### [Task prompt]
One exact copy of the listing is needed. It should contain no pictures.

### [Dataset excerpt]
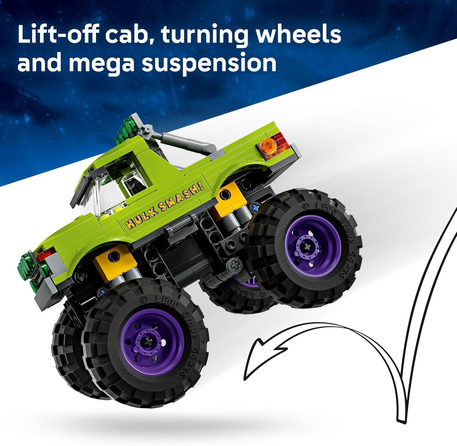 This buildable LEGO ǀ Marvel heavy-duty truck features a Hulk minifigure with a removable helmet and a Thanos minifigure with a Tesseract and Infinity Gauntlet. The Super Hero truck features a lift-off cab, providing access to the driver’s seat, with room for the Hulk minifigure. The outside is green with ‘Hulk Smash!’ and Hulk’s face decorations. With large turning wheels, a robust design and shock-absorbing suspension, the mega truck can handle the toughest of missions. For added digital fun, builders can zoom in, rotate models in 3D and track their progress using the fun, intuitive LEGO Builder app. Set contains 229 pieces.
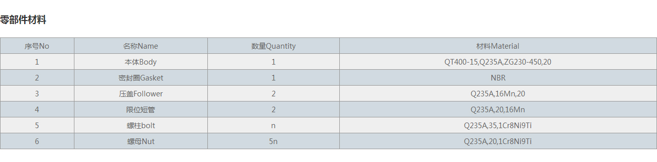 | 6 | 螺母Nut | 5n | Q235A,20,1Cr8Ni9Ti |
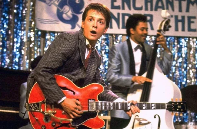 Пам'ятаєте сцену на шкільних танцях, де Марті грає "Johnny B. Goode"? Ця сцена надихнула тисячі гітаристів взяти інструмент. Цікавий факт: оригінал із фільму досі не знайшли — Gibson запустила навіть спеціальний сайт, де збирає зачіпки від людей у всьому світі.
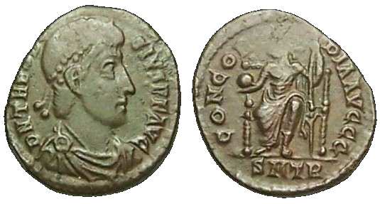 | Trier RIC IX 68c | Theodosius I, AE3 of Trier, 379-383 AD. DN THEODO-SIVS PF AVG, pearl-diademed, draped and cuirassed bust right / CONCOR-DIA AVGGG, Roma, helmeted, seated facing on throne, head left, holding globe and spear (spear wholly visible). Mintmark SMTR. RIC IX Trier 68c. | Text | Image |

### [Your response]
 This buildable LEGO ǀ Marvel heavy-duty truck features a Hulk minifigure with a removable helmet and a Thanos minifigure with a Tesseract and Infinity Gauntlet. The Super Hero truck features a lift-off cab, providing access to the driver’s seat, with room for the Hulk minifigure. The outside is green with ‘Hulk Smash!’ and Hulk’s face decorations. With large turning wheels, a robust design and shock-absorbing suspension, the mega truck can handle the toughest of missions. For added digital fun, builders can zoom in, rotate models in 3D and track their progress using the fun, intuitive LEGO Builder app. Set contains 229 pieces.
 | 6 | 螺母Nut | 5n | Q235A,20,1Cr8Ni9Ti |
 Пам'ятаєте сцену на шкільних танцях, де Марті грає "Johnny B. Goode"? Ця сцена надихнула тисячі гітаристів взяти інструмент. Цікавий факт: оригінал із фільму досі не знайшли — Gibson запустила навіть спеціальний сайт, де збирає зачіпки від людей у всьому світі.
 | Trier RIC IX 68c | Theodosius I, AE3 of Trier, 379-383 AD. DN THEODO-SIVS PF AVG, pearl-diademed, draped and cuirassed bust right / CONCOR-DIA AVGGG, Roma, helmeted, seated facing on throne, head left, holding globe and spear (spear wholly visible). Mintmark SMTR. RIC IX Trier 68c. | Text | Image |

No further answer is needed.